ARCHIVED: Nonessential Baggage Request, Capt. Wilhelmina Lucas, March 13, 2041

ARCHIVED: Providence Intracrew Messaging Service Conversation — Capt. Wilhelmina Lucas and Travis Onyango, March 13, 2041

Wilhelmina Lucas

Trav did you code this infernal baggage request form

Travis Onyango

I did! What's the issue, Cap?

Wilhelmina Lucas

I need you to manually approve my stupid request

Travis Onyango

What went wrong exactly? I know some folks have reported problems at the input level

Wilhelmina Lucas

Just look at the transcript

Travis Onyango

[... ]

ah

Okay yes I'll get that approved right away Cap

Sorry

***

I don't get a wink of sleep that night. Not that I've ever slept particularly well in the Other Place. Not that my body seems to have any physical needs here at all. But that night, I feel particularly awake in a way I haven't in what should have been twenty years.

I need to help her. I need to save her. I need to do everything I can, even if the Other Place explodes me into molecules for the crime of it.

I just don't know how.

I pace back and forth for hours, knowing Eli can hear me in the next room, not caring. My footsteps become a second-nature rhythm, just an ambient ebb and flow like the gentle heartbeat of the ocean. And, right when the heartbeat becomes indistinguishable from my own, I slip away back to the universe. Back to her.

***

Cleo woke up in the med bay feeling like her head had been pressed through a pasta machine and boiled to a nice al dente. But the first thing she saw was Billie, leaning against the wall by her bed and watching her with tired eyes, so it wasn't all bad.

"Cleo." Billie bent down to her eye level. "Are you—are you alright, do you need anything, should I get Ros—"

"'m fine, Billie," Cleo mumbled, even though she wasn't, not really. Anything to get the gasping panic out from between Billie's words. "My head just hurts."

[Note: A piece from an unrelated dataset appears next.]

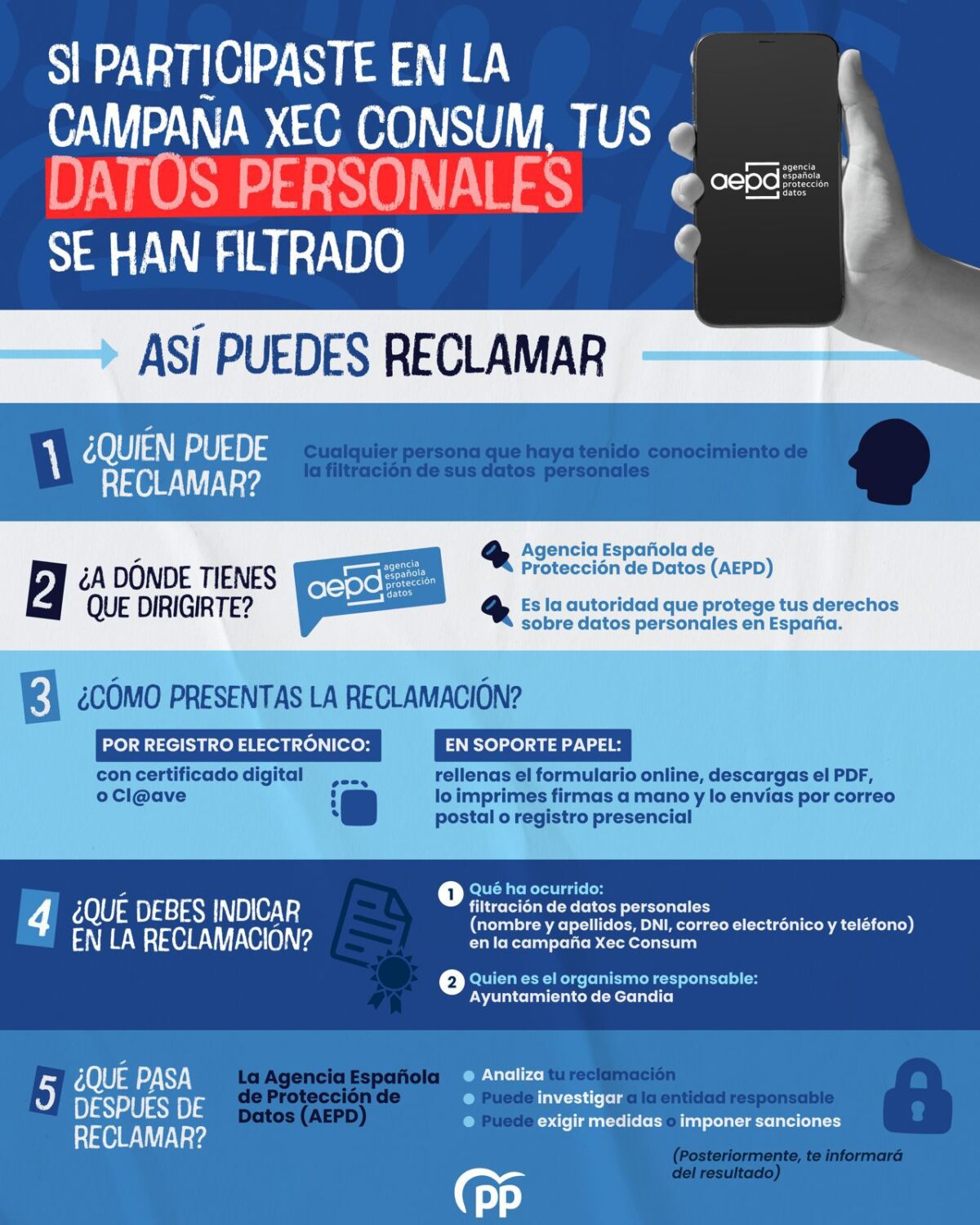 Además, el PP ha difundido una guía informativa sobre los derechos de los ciudadanos ante una posible vulneración de datos personales.
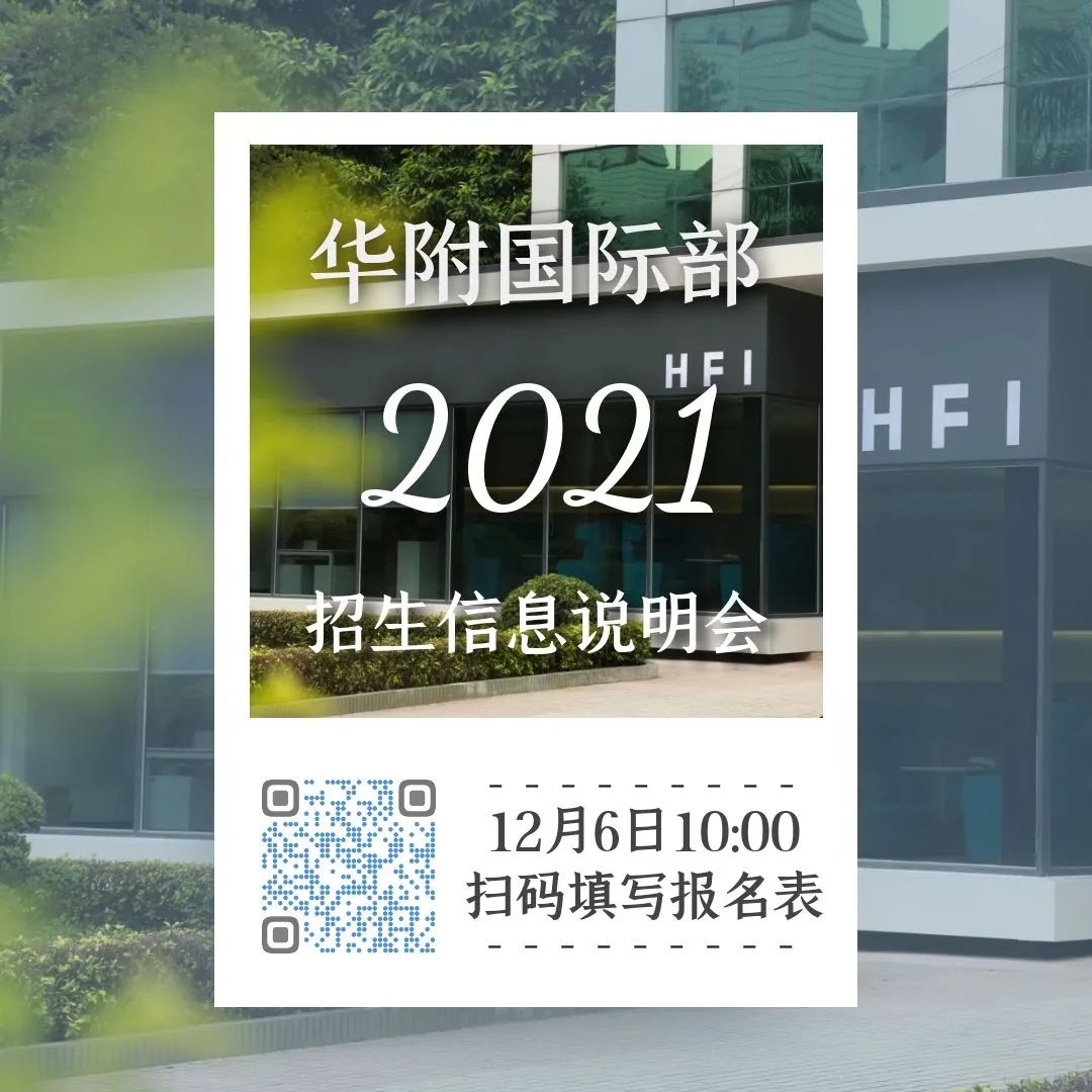华附国际部2021秋季招生信息发布会将于12月6日(周日)10:00-12:00(EAP学术英语课程说明会暨水平测试为14:00-16:10)在校举行。欢迎各位家长/考生扫码报名参加!

Billie reached out like she was going to touch Cleo's face. But this time, she didn't draw back, letting her fingers hover like Cleo was a butterfly that would flutter away if spooked. Cleo held her breath, almost forgetting, almost leaning into Billie's not-touch. But then she remembered, and stopped herself. And she remembered other things too, like what had gotten her into this bed, and what was waiting, and what she had to do.

"Where are the others?"

Billie dropped her hand, and Cleo could practically hear it when her jaw clenched tight. "Off working out a plan for how to deal with Kris when we arrive at Proxima B. They want to enter the planet's orbit and then maybe send a select team down to—"

"I should go help them."

"No." The force in Billie's voice was enough to push Cleo back against her pillows. "You need to rest. And also have as little to do with Kris as possible."

Cleo crossed her arms. "What, so you want me to let my friends face him down by themselves? No chance, Billie. He said I—I have something he wants, or something, and I need to make sure I don't let him get it."

"What you need is to take your own safety into account, for once." Billie's voice was all rough edges, and Cleo tried not to think about all the different, better, impossible ways she'd imagined it taking on this low and desperate tenor. "You promised you wouldn't wimp Kris again, and yet here we are."

"What else was I supposed to do? You know I didn't have a choice."

"There's always a choice."

"Not when our lives are on the line."

"Especially when your life is on the line." Billie leaned closer, the pain on her face enough to whip Cleo's blood up to fever speed. "What happens when we get to the Proxima System? He already has the power to hurt you and enter your mind and teleport himself across the galaxy somehow—what happens when there isn't a light-year of space between you and Kris?"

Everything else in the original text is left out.